- ASSIGNED TASK -
Reproduce exactly the span of lines beginning at the one with "特斯拉起诉无忧传媒,这事儿居" and ending at the last line of the data below, omitting pictures.

- STORED DATA -

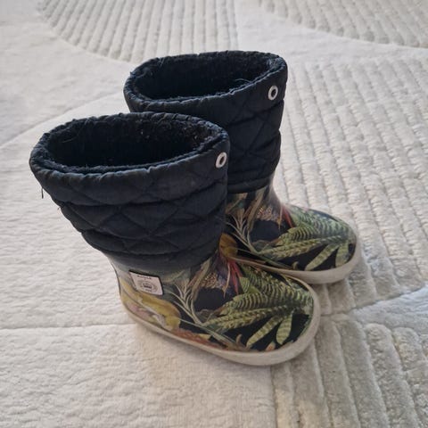 Myydään Aigle Lolly Pop -kumisaappaat. Supersöpö kirsikkakuvio. Ehjät, mutta sisäpinnan vuori repsottaa vähän (kts kuva). Mukavat jalassa ja helppo pukea.
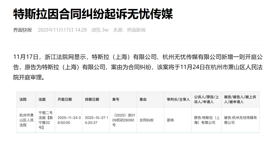 特斯拉起诉无忧传媒,这事儿居然没啥关注度。据说这事儿跟车无关,而无忧传媒拥有庞大的线上流量和网红资源。再结合特斯拉法务部“独立思考,明辨是非”的签名,你们觉得是啥原因?
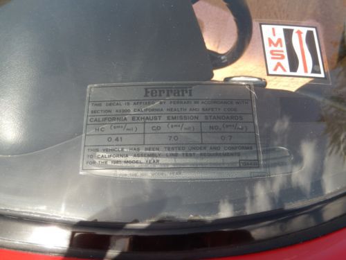 I have owned this vehicle for many years. Always garaged and maintained by the Ferrari dealership in Orlando Florida. The mileage is 16006 actual miles. The color paint is red with tan interior which matches the vin color and interior from factory. The car is listed in the Ferrari Register and I have a copy of the register book.
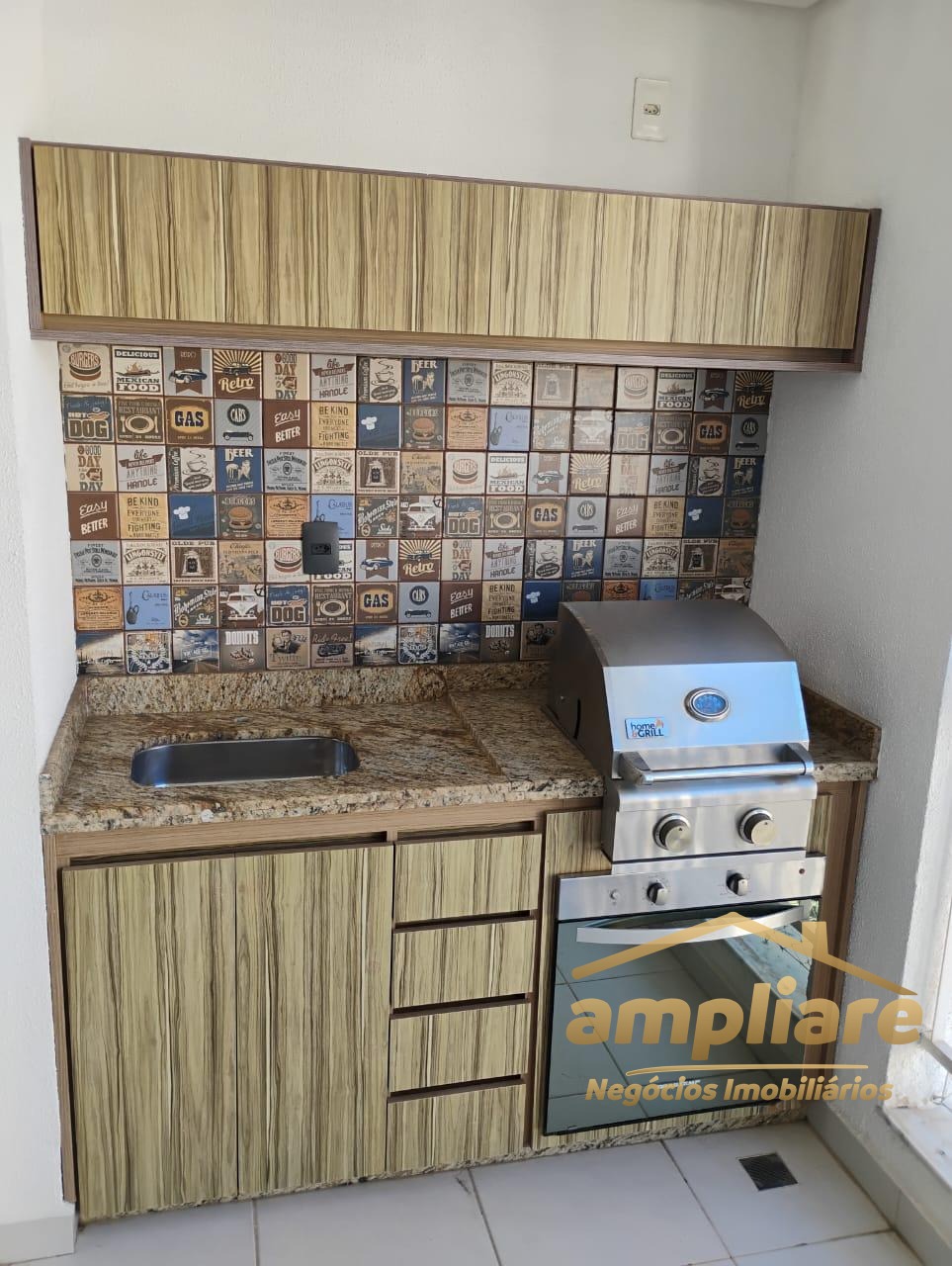 O imóvel conta com 3 dormitórios, sendo 1 suíte, todos com armários planejados. A cozinha é equipada com cooktop, coifa e aquecedor a gás, além de banheiros com box e luminárias já instaladas. Possui ainda churrasqueira, ideal para momentos de lazer.

- EXERCISE OUTPUT -
 特斯拉起诉无忧传媒,这事儿居然没啥关注度。据说这事儿跟车无关,而无忧传媒拥有庞大的线上流量和网红资源。再结合特斯拉法务部“独立思考,明辨是非”的签名,你们觉得是啥原因?
 I have owned this vehicle for many years. Always garaged and maintained by the Ferrari dealership in Orlando Florida. The mileage is 16006 actual miles. The color paint is red with tan interior which matches the vin color and interior from factory. The car is listed in the Ferrari Register and I have a copy of the register book.
 O imóvel conta com 3 dormitórios, sendo 1 suíte, todos com armários planejados. A cozinha é equipada com cooktop, coifa e aquecedor a gás, além de banheiros com box e luminárias já instaladas. Possui ainda churrasqueira, ideal para momentos de lazer.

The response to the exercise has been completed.